→ **What to work on**:
From the line containing "Il Comune di" to the line containing "RDMS 와 MongoDB 의 데이터 계층 구조를 살펴보면 다음과 같습니다." in the entries below, reproduce every line exactly, ends included. Nothing else belongs in the copy, and no pictures.

======== Data extracts

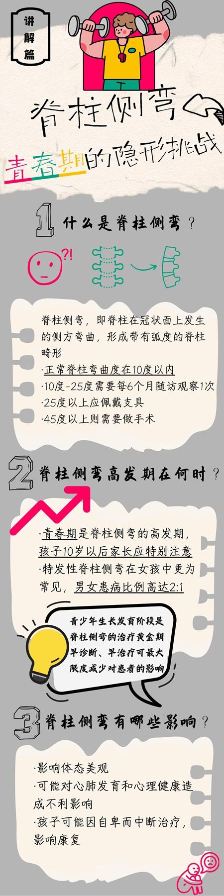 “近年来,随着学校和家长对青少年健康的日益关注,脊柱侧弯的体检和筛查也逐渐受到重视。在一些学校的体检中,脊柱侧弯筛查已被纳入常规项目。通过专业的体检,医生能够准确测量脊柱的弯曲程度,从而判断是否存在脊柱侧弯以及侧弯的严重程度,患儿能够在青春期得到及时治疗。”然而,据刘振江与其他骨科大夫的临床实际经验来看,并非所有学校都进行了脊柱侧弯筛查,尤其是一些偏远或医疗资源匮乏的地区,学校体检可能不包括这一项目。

================
======== Data extracts

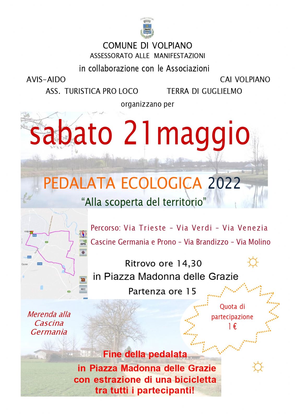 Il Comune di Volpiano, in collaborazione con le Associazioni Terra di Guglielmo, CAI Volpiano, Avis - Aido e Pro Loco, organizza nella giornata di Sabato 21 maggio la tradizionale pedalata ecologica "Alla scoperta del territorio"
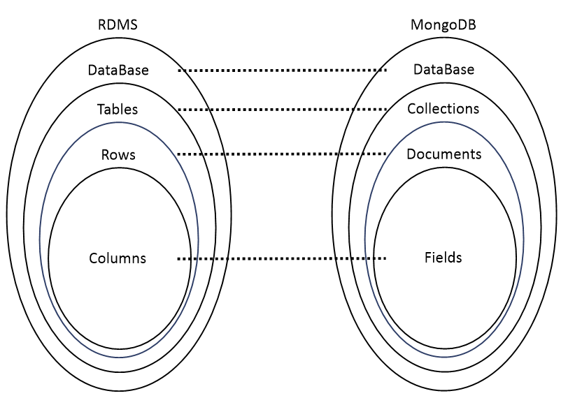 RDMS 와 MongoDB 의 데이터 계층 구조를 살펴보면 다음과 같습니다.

================
======== Data extracts

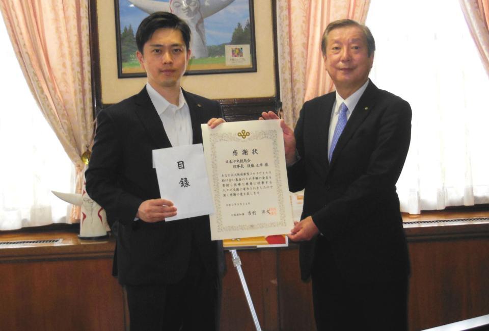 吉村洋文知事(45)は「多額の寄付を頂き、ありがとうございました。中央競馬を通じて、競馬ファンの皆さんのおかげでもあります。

================

→ **Solved exercise**:
 Il Comune di Volpiano, in collaborazione con le Associazioni Terra di Guglielmo, CAI Volpiano, Avis - Aido e Pro Loco, organizza nella giornata di Sabato 21 maggio la tradizionale pedalata ecologica "Alla scoperta del territorio"
 RDMS 와 MongoDB 의 데이터 계층 구조를 살펴보면 다음과 같습니다.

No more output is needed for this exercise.